For marks on flat content, it is relatively straightforward to map the marks to wrapping inline nodes, and to parse such nodes by applying marks to the content inside of them. But if marks were able to span across arbitrary ranges of the document tree, it becomes rather non-obvious what the HTML would look like. A tree structure doesn't naturally lend itself to expressing ranges that don't follow the tree shape.
You could certainly come up with some schema based on custom attributes using some kind of counting system to refer to offsets inside of the nodes (for example the parent node + offset system used by DOM ranges and selections), but that gets very awkward—do you use marker nodes at the start and end of the range? Or wrapping nodes? If wrapping nodes, the question becomes again at which level(s) they should appear. This should also work well with copying and pasting fragments of the DOM structure, and not get in the way of incremental display updates. I haven't been able to come up with a good approach. This kind of data is simply not something that HTML authors tend to need to express.
I've seen two use cases where the limited applicability of marks is causing problems:
Trying to make range-shaped information (such as comments added to a piece of the document) part of the document, so that clipboard and undo-history information works on it.
Adding some kind of baseline information (say font family/size) to all content, like in classical WYSIWYG editors. (I don't care a huge lot about this use case, since I think it's generally a bad idea for an editor to work that way, but it'd be nice if it could be cleanly encoded.)
Should anything change?
Currently, every node has a
marks field, because I figured that filling that field with a shared empty array is cheap, and JS engines like coherently-shaped objects.
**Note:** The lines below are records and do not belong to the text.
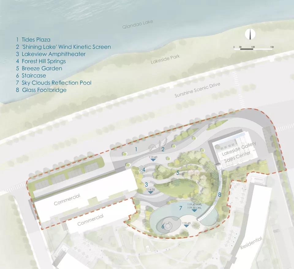 湖濱花園占地面積1公頃,位于千島湖陽(yáng)光路與規(guī)劃的高層湖景住宅區(qū)之間。景觀設(shè)計(jì)始于場(chǎng)地規(guī)劃,通過(guò)塑造地形,創(chuàng)造了一個(gè)穿梭于山水間的戲劇性空間序列,展現(xiàn)風(fēng)景如畫(huà)的湖畔之旅。
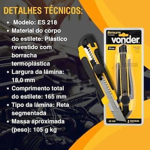 O Estilete Emborrachado 18mm Vonder Profissional ES-218 é a ferramenta ideal para profissionais que buscam precisão e conforto em seus cortes. Com uma lâmina segmentada de 18 mm, este estilete proporciona cortes limpos e eficientes, sendo perfeito para uma variedade de aplicações.
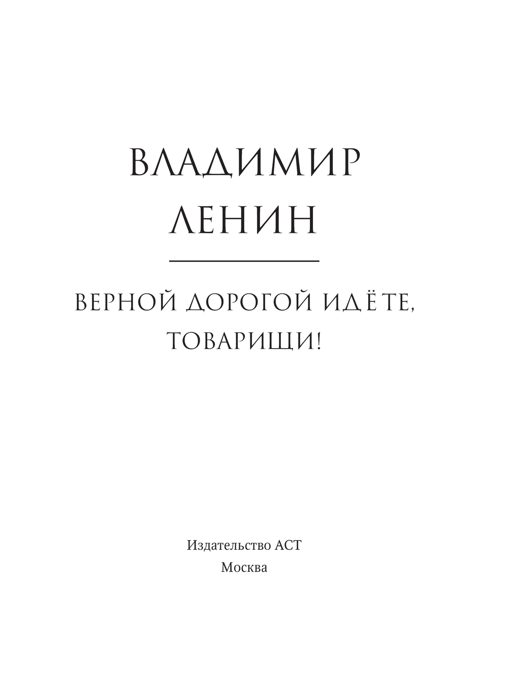 "Верной дорогой идёте, товарищи" – сборник цитат из философского труда Владимира Ильича Ленина "Государство и революция". В своём труде Ленин пояснял суть теории Карла Маркса и Фридриха Энгельса. Это было необходимо, чтобы избежать искажения оригинальных идей немецких политических деятелей.

But as the system currently is, putting marks on block nodes doesn't really work—there are too many cases where it's not clear how they should be handled, so the library code ends up not handling them in any coherent way at all. This is not a good situation, so I'd like to get to a point where there either is a coherent story, or these are simply forbidden.
(I do know one user is currently using marked blocks as a kludge to implement the first use case above, but it's not working all that well.)
I'm basically opening this thread as a call for feedback and ideas with regards to marks. I can imagine the following options:
Forbid marks on block nodes and declare them to always be constrained to a stretch of inline content.
Find some coherent way to model marks as arbitrary ranges, and make the whole library consistently apply that
Reinvent marks in some wonderfully creative way that I haven't thought of yet
(Note that 'make the whole document tree-shaped' is not an option. It wouldn't help with cross-node ranges, and though I know you can build an editor with such a content model, ProseMirror is too far along to make such a radical change, and as mentioned, I found the conceptual mismatch in such a model a real problem.)